Agent Zero's architecture revolves around the following key components:

  1. Agents: The core actors within the framework. Agents receive instructions, reason, make decisions, and utilize tools to achieve their objectives. Agents operate within a hierarchical structure, with superior agents delegating tasks to subordinate agents.

  2. Tools: Tools are functionalities that agents can leverage. These can include anything from web search and code execution to interacting with APIs or controlling external software. Agent Zero provides a mechanism for defining and integrating both built-in and custom tools.

  3. Memory: Agent Zero has persistent, long-term memory to store past experiences, knowledge, and information. This memory is used to inform decision-making and improve performance over time. Learn more in Memory System

  4. Prompts: Guide agent's behavior and communication. The system and tools prompts defines the agent's overall role and objectives, while message prompts structure the interaction and flow of information and memory.

  5. Knowledge: Refers to the user-provided information and data that agents can leverage. This can include documents, databases, or any other relevant resources. Agents can retrieve and utilize this knowledge to answer questions, make decisions, and perform RAG-augmented tasks.

  6. Instruments: Instruments provide a way to add custom functionalities to Agent Zero. They can modify agent behavior introducing new procedures, function calls, or scripts to integrate with other systems. Instruments scripts are run inside the Docker Container.

  7. Extensions: Extensions are logical components that can be added to Agent Zero to enhance its capabilities. Extensions can include new message loops, custom memory management rules, or even more.

  8. Docker Container: Agent Zero execute code commands in a Docker container, which provides isolation and security. This ensures that agents can safely and securely interact with tools, especially when running code.

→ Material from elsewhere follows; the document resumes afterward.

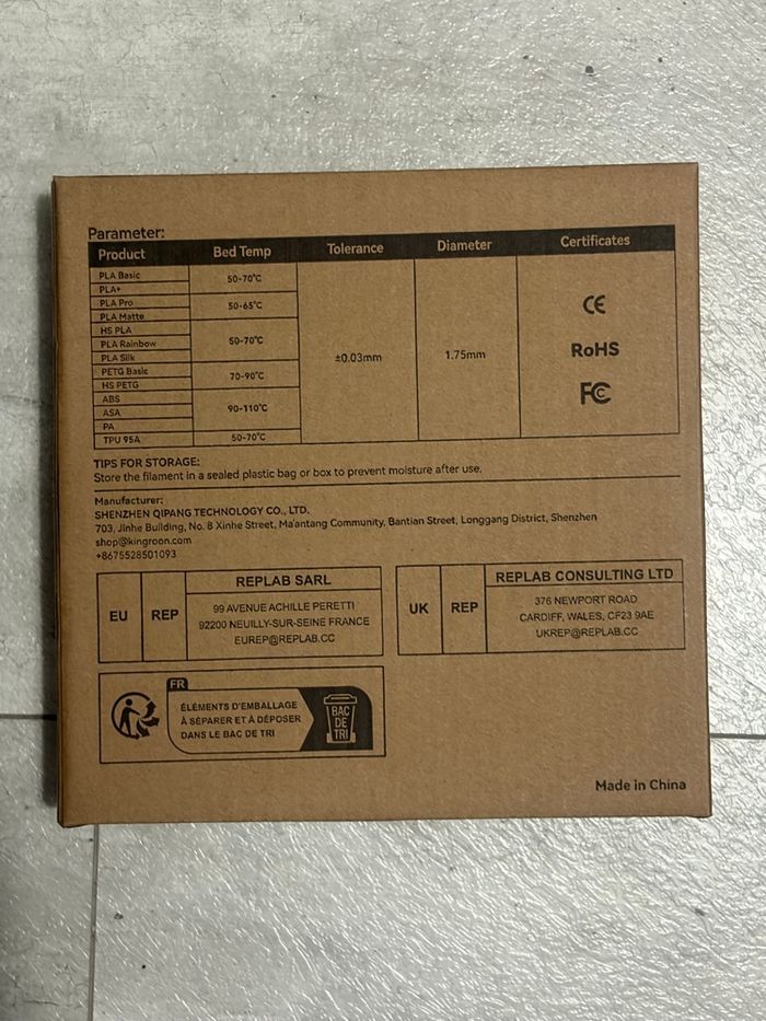 Je vends ce filament HS-PETG blanc de la marque Kingroon, idéal pour l'impression 3D. - Type de produit : Filament d'impression 3D - Marque : Kingroon - Matière: HS-PETG - Couleur : Blanc - Diamètre : 1,75 mm - Tolérance de diamètre : ±0,03 mm - Bobine plastique de 1 kg État neuf, sous emballage scellé. N'hésitez pas à me contacter pour toute question ! Envoie rapide et soigné

Agent Hierarchy and Communication

Agent Zero employs a hierarchical agent structure, where a top-level agent (often the user) can delegate tasks to subordinate agents. This hierarchy allows for the efficient breakdown of complex tasks into smaller, more manageable sub-tasks.

Communication flows between agents through messages, which are structured according to the prompt templates. These messages typically include:

Argument Description
Thoughts: The agent's Chain of Thought and planning process.
Tool name: The specific tool used by the agent.
Responses or queries: Results, feedback or queries from tools or other agents.

Interaction Flow

A typical interaction flow within Agent Zero might look like this:

Interaction Flow

  1. The user provides an instruction to Agent 0.
  2. Agent 0 initializes VectorDB and access memory.
  3. Agent 0 analyzes the instruction and formulates a plan using thoughts argument, possibly involving the use of tools or the creation of sub-agents.
  4. If necessary, Agent 0 delegates sub-tasks to subordinate agents.
  5. Agents use tools to perform actions, both providing arguments and responses or queries.
  6. Agents communicate results and feedback back up the hierarchy.
  7. Agent 0 provides the final response to the user.

Memory System

The memory system is a critical component of Agent Zero, enabling the agent to learn and adapt from past interactions. It operates on a hybrid model where part of the memory is managed automatically by the framework while users can also manually input and extract information.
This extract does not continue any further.